Write Characters In A Representation-Free Zone
It’s common for many writers today — beginners and pros — to deliver characters on a sort of post-modern pedestal. Instead of offering compelling, substantive, flesh-and-blood people, the writer is instead content to use characters as a social springboard to evangelize some sardonic commentary about the modern world as we know it. Regardless of its wide usage, producing characters for quick reader judgment is almost always a bad idea. Good fiction works best instead in an environment where characters dodge social “representation,” and even force readers to suspend their moral judgment of them.
These easily assembled “mannequin” characters have always existed in bad writing, but they’ve gained a lot more prevalence in today’s irony-soaked culture. Typically, the formula plays itself out with this predictable pattern: the writer creates a satirical straw man, pits him/her against the modern world, and then records the inevitable fallout that ensues. The writer and reader then proceed to exchange winks and nods over the character’s shoulder, participating in a sort of post-modern laugh track as we watch the poor putz in the middle get his/her just desserts. The trick can be great for cheap yuks, but more often than not it’s the hallmark of some seriously bad writing.
Other times, these characters are created not because the writer doesn’t know what he/she is doing, but solely due to financial pressures in the market. In today’s identity-obsessed environment, how many times have you heard someone say: “As an X, I don’t feel that Y character (pick a TV show/movie/book) reflects me.” Here’s the problem: a good character isn’t supposed to “reflect” you. A good character should cast the illusion that he/she exists for his/her own purpose, not serve as a placard for your gender, race, class, political party or fly-by-night subculture. And they certainly shouldn’t be used as walking stenographers for the writer’s political or social philosophy (sorry Ayn Rand fans).

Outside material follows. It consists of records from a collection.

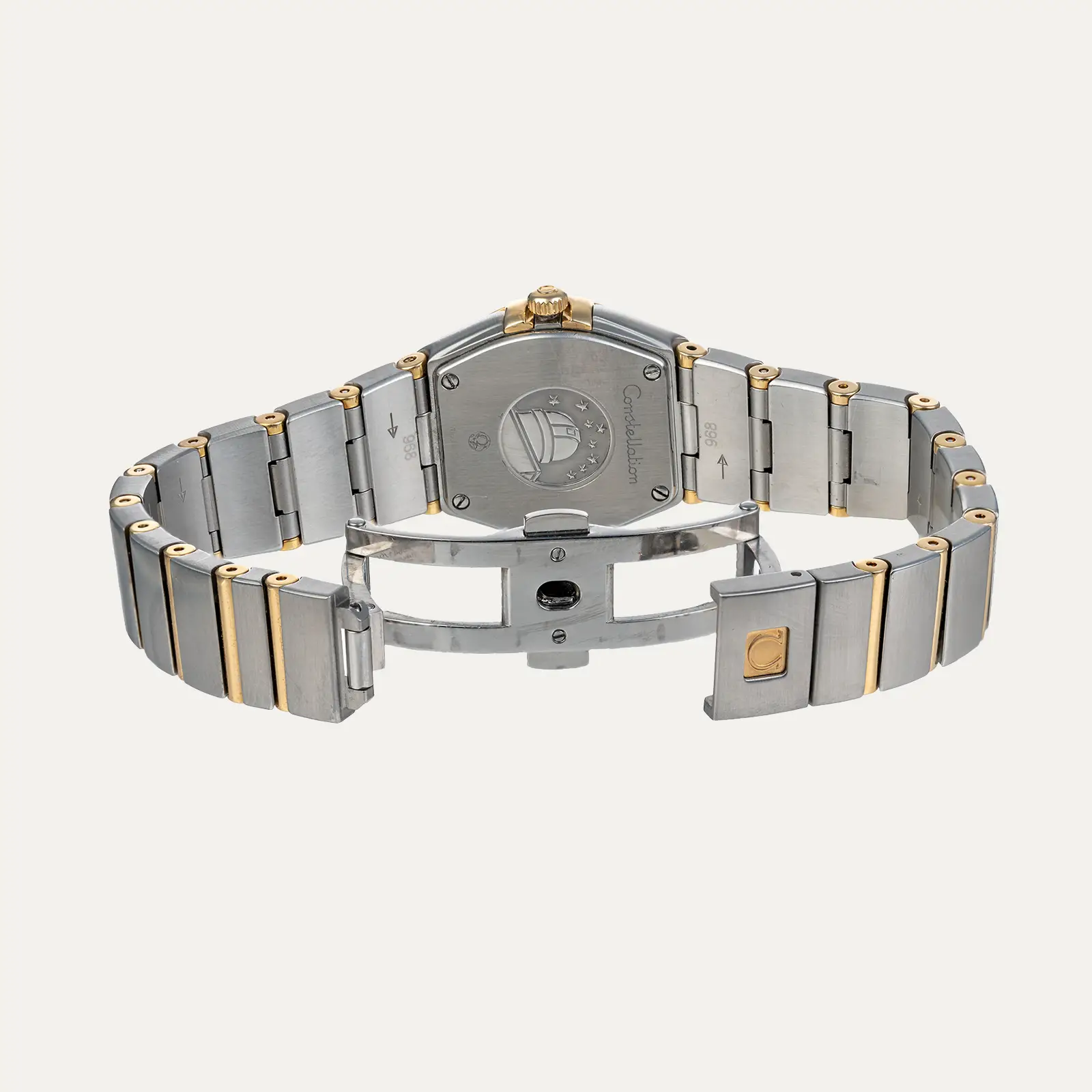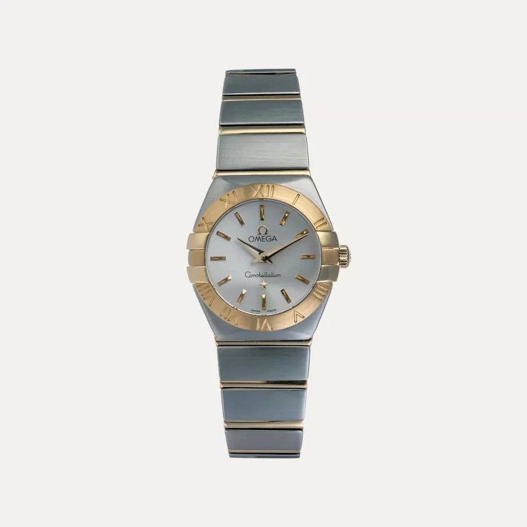Relógio Omega Constellation, movimento quartzo. Caixa em ouro amarelo 18kt – 750‰ e aço, com 24mm de diametro e espessura 8,1mm. Mostrador em prata com index. Ponteiros de horas e minutos. Vidro safira. Bracelete em aço e ouro amarelo, fecho de báscula dupla oculto. Caixa Omega e documentos. Este relógio é apoiado pela nossa garantia de um ano.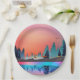 Teller aus Papier mit einem schönen grafischen Design mit einem friedlichen See mit Reh. und hohen Kiefern, die sich im Wasser widerspiegeln. Sterne schweben über.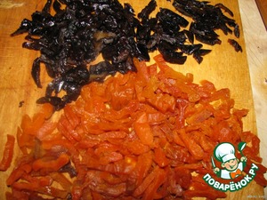 Курагу и чернослив хорошо промыть и нарезать соломкой.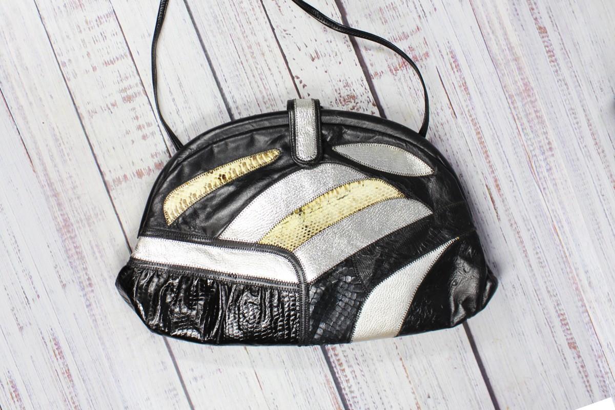 Vintage Palizzio Accessories Metallic Faux Reptile Leather Clutch Handbag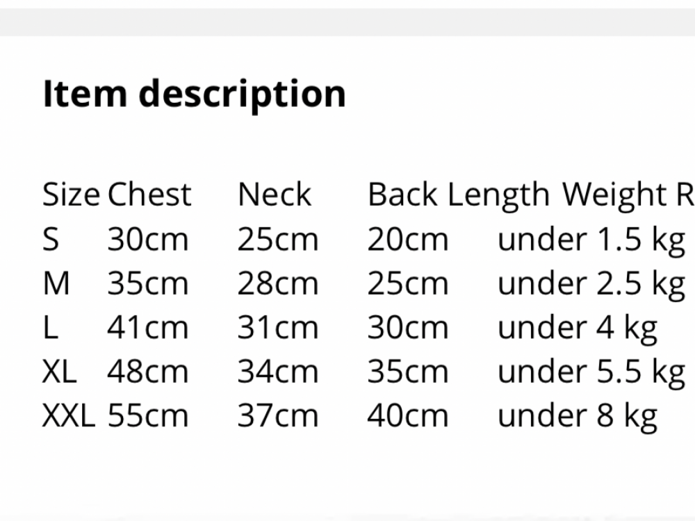 الصدر: 48 سم، الرقبة: 34 سم، طول الظهر: 35 سم

Any time the writer and reader find themselves rubbing elbows — either over their established superiority to the characters or the tacit acknowledgement that the character represents some social slot — it’s only because the reader has been clued in on what “types” of characters these people are from the beginning. In other words, in order for readers to “get” the gag the writer must deliver easily identified tropes that the reader could pick out of a crowd before arriving to the text. These are the very sorts of pre-assembled cutouts writers are told to avoid when creating characters, and as such these writers are committing cliché and passing it off as “edginess.” The characters aren’t individuals, readers' perceptions remain intact, and the writer isn’t being nearly as clever as he/she thinks.

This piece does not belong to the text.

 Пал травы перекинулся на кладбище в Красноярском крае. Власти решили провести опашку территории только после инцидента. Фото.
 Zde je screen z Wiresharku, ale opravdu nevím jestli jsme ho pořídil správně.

Funny thing is, most writers guilty of this would balk at the idea of applying the same technique when working in the opposite direction. Unless you’re twelve years old (or a typical Hollywood movie fan), no one wants to read about a “white knight” character who saves the day and gets the girl, all while managing to run a successful hedge fund/political office/spy ring — essentially, an Uberman for some infantile Apple Pie ideal. Sure, sitcoms and movies are full of this stuff, but with fiction writing comes a heightened expectation. We laugh when movies have the contempt to offer prefabricated character molds that juke us into saying “Oh, we like him!” yet here the same behavior is being applied: the writer is using characters as cheap props that rotate around preexisting social norms, and then captioning the scenes with cues that scream: “Hey, we’ve all met ‘this’ guy before!”

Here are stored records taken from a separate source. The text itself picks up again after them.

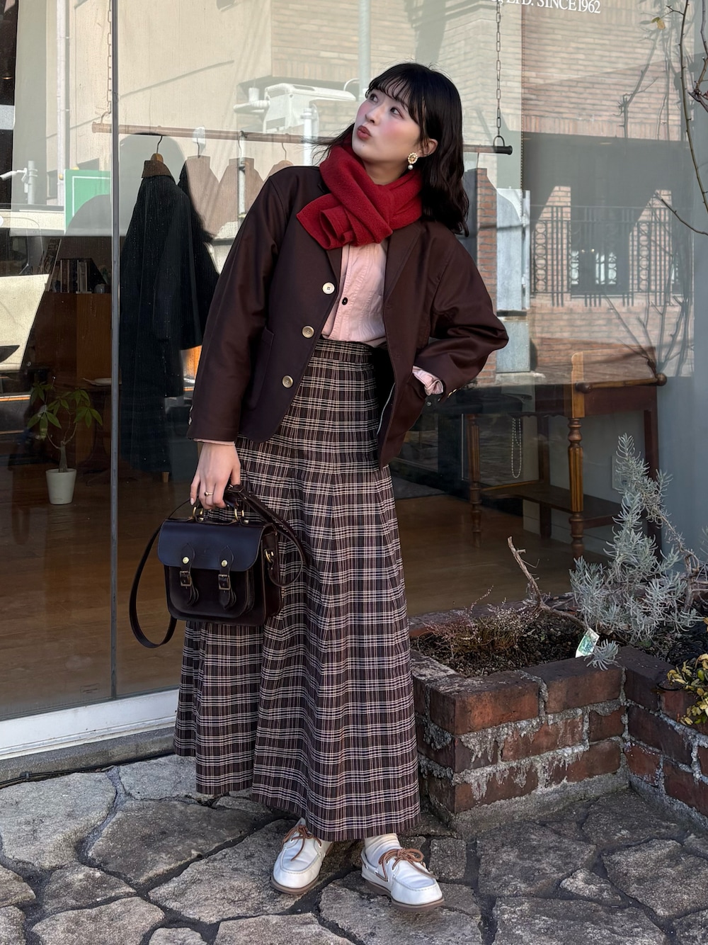 ブラウン×ピンク(濃いめ)これやって見て欲しいの!🍑 モールスキンのジャケットがかっこよすぎて 本当に重宝してます!!!!🤎 今は赤のマフラーとかして差し色入れるのも可愛かったなぁ🧣 足元は奥行きを出すために白いtimberlandを合わせたよ👟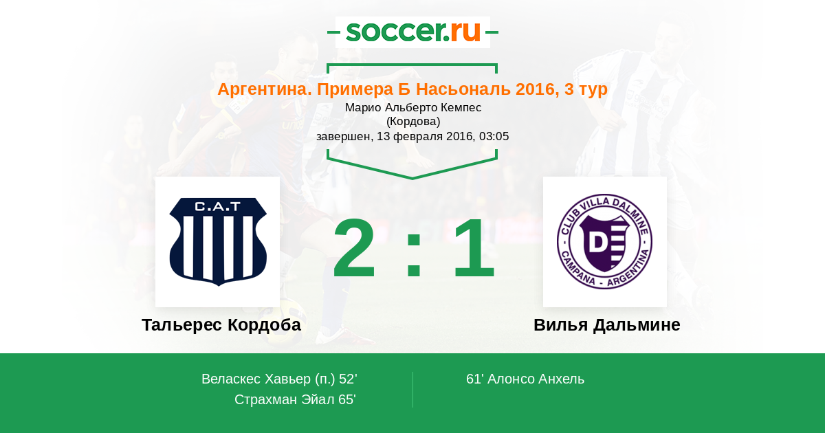 Тальерес Кордоба - Вилья Дальмине: обзор матча 13 февраля 2016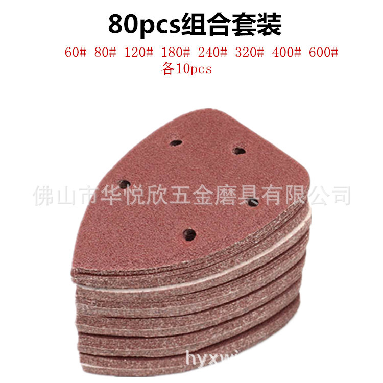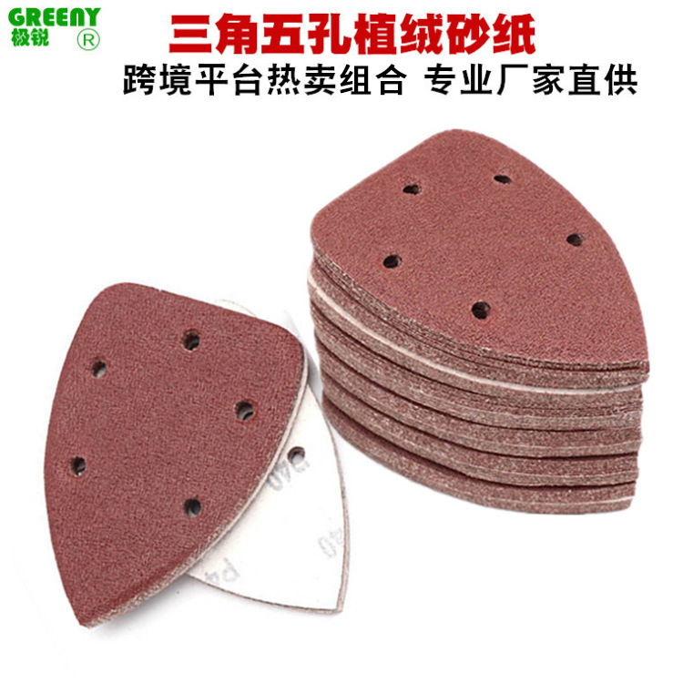 品名:三角形5孔植绒砂纸片

Characters should appear as if they’re existing on their own terms, not because you want to highlight some dime-store irony that exists in the world outside the book. Political ideologies and cultural movements work in numbers; characters are individuals; they are flesh-and-blood people that suffer and make mistakes. In good fiction, readers should be placed in a position where they are inevitably forced to suspend any judgment of characters they may have. Readers are always going to judge characters, but it’s the writer’s job to exploit that capacity to judge, not follow its lead. Give us things to love, and give us things to hate, so the resulting piebald of complex characteristics ultimately forces readers into a judgmentally reserved stalemate. Any time you’ve forced your readers to reassess their judgment — any time you’ve proven their preconceptions wrong, in other words — a minor epiphany is experienced by the reader, and this is followed by a sort of psychological surrender to the text. The story maintains its authority, the character continues to evolve, and the narrative serves to compel. Oh, and the reader keeps reading.